I started with 5lb weights for biceps, triceps and shoulders and back and chest. For squats and lunges I don’t use any weight except my body weight. I have a rod in my spine so this is the best for me. However, most  everyone else can add weight to the bar for these. Your legs have the  larger muscle groups and are stronger than your other muscle groups.

Today it is more important than ever to build muscle as we get older. How many times have you heard of a person falling in their homes or unable to do the things they used to do because of age? It does not have to be that way.

Start now to maintain your muscle mass and even build muscle. We begin to lose muscle after the age of 30 about 3 to 5 percent each year after we reach 30! If you are over 50 now and have been sedentary, now is the time to begin to slow down that muscle loss.  You will get stronger and stronger and as an added bonus that abdominal fat will begin to decrease.

You will look great, feel great, be stronger, healthier and as an added boost more energy.

UPDATE: It is now 1 year since I started lifting weights. I am lean, strong and have normal abdominal fat. I use twice the amount of weight than I started with.

Balance your Hormones

As estrogen decreases, insulin resistance increases. Increased insulin resistance means decreased fat burning. It takes more insulin to do the same job and visceral fat increases. This fat releases inflammatory cytokines. The mitrochondria (cell engine) becomes stressed out. This inflammation of the fat cells causes insulin resistance.

So how do you begin to balance this? There are some things you can do. First, check with your doctor to see if you would benefit for hormone replacement therapy. Other things you can do:

  • Decrease calorie consumption 
  • lower sugar consumption
  • Eat protein pre and post workouts
  • Eat spices – Nutmeg, cloves, curcumin, etc.
  • Drink green and black tea
  • drink coffee
  • Boost Beta Glucan (Oats, Barley, Shiitake Mushrooms)
  • Get plenty sleep
  • Drink plenty water
  • Increase your muscle mass
  • Eat Mufas  (avocados, nuts, seeds, oils, olives, and dark chocolate)
  • Cardio exercise 3 – 5 times per week for at least 30 minutes
  • Weight building exercise
  • limit alcohol consumption

If you feel you still need help with weight loss, you can try weight loss supplements. Here are some that are popular with women.

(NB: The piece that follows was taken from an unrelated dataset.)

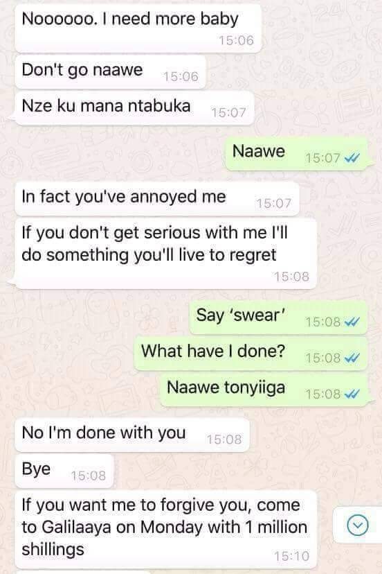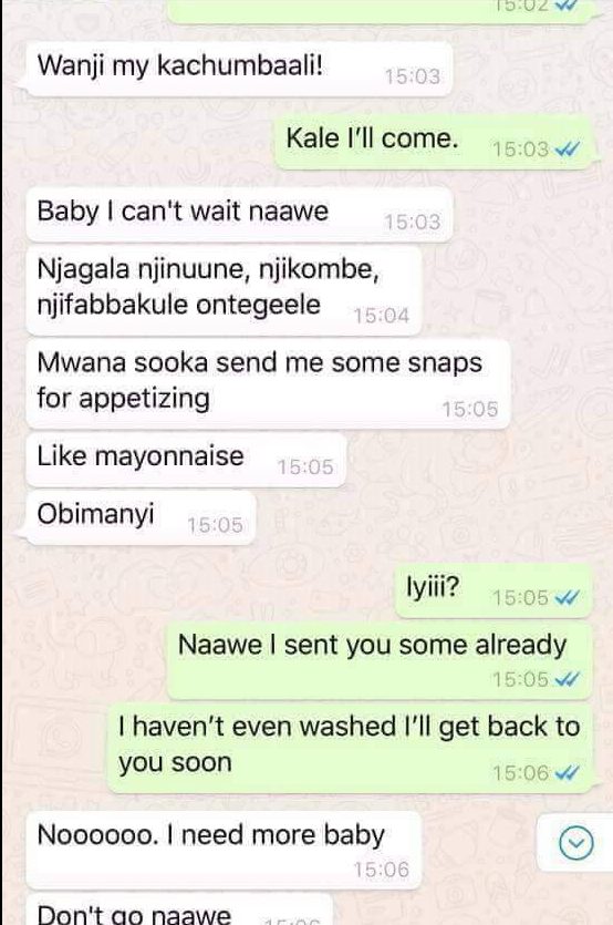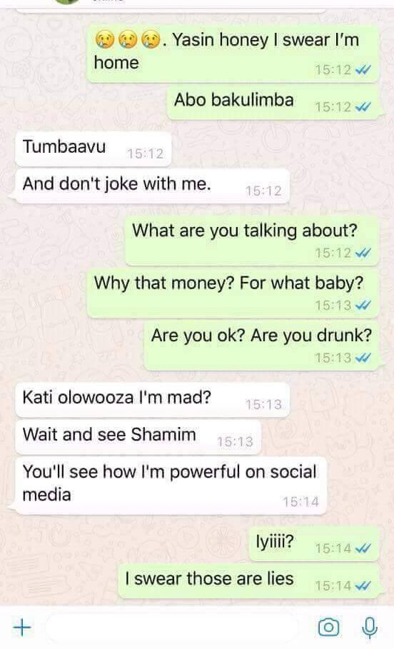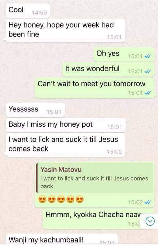 Screenshots of Shamim’s WhatsApp chat with Yasin (Boyfriend) reveal that the two enjoyed an intimate relationship till everything went sour. In the first screenshot, Yasin is seen asking Shamim how her week was which question she responded to with great excitement over their “appointment” the following day. A seemingly horny Yasin told her how he too couldn’t wait to lick and suck her honey pot till “Jesus comes back.” (Such Blasphemy!!!).

I will be adding more content about how I conquered my abdominal fat after 50 so I hope you check back often.

if you have an experience you could share or just a question please leave me a comment below.

 

 

This article has 2 Comments

  1. So happy I found your page because I felt like I was losing my mind. Ever since I turned 45 I have gained about 10 pounds I really don’t know how or why. Now I know, thanks to you explaining it.

    I workout in my home gym 4 times a week and just started doing 10-pound weights. I wasn’t using weights at all but decided to give it a try. I walk on the treadmill for 30 mins and use a punching bag sometimes. I guess the weights really do make a difference.

    I will have to increase my weights reps. Do you recommend any before or after powder drinks for workouts?

    Thanks for your help. Great article.

    Karden

    1. Hi Karden,

      Thanks for your comment. You are most likely experiencing the hormone related weight gain and shift in weight that so many women do.

      Also, muscle loss begins in our 30’s so you are doing the right thing by increasing your weight lifting. You will build muscle. Try to do 1 hour at least twice to three times a week.

      To answer your question, yes a protein powder drink is a great option for pre and post workout. This will help you build muscle.

      I am proud of you. Don’t forget also to eat healthy. 

      Good luck and please let me know how it is going also If you have any other questions.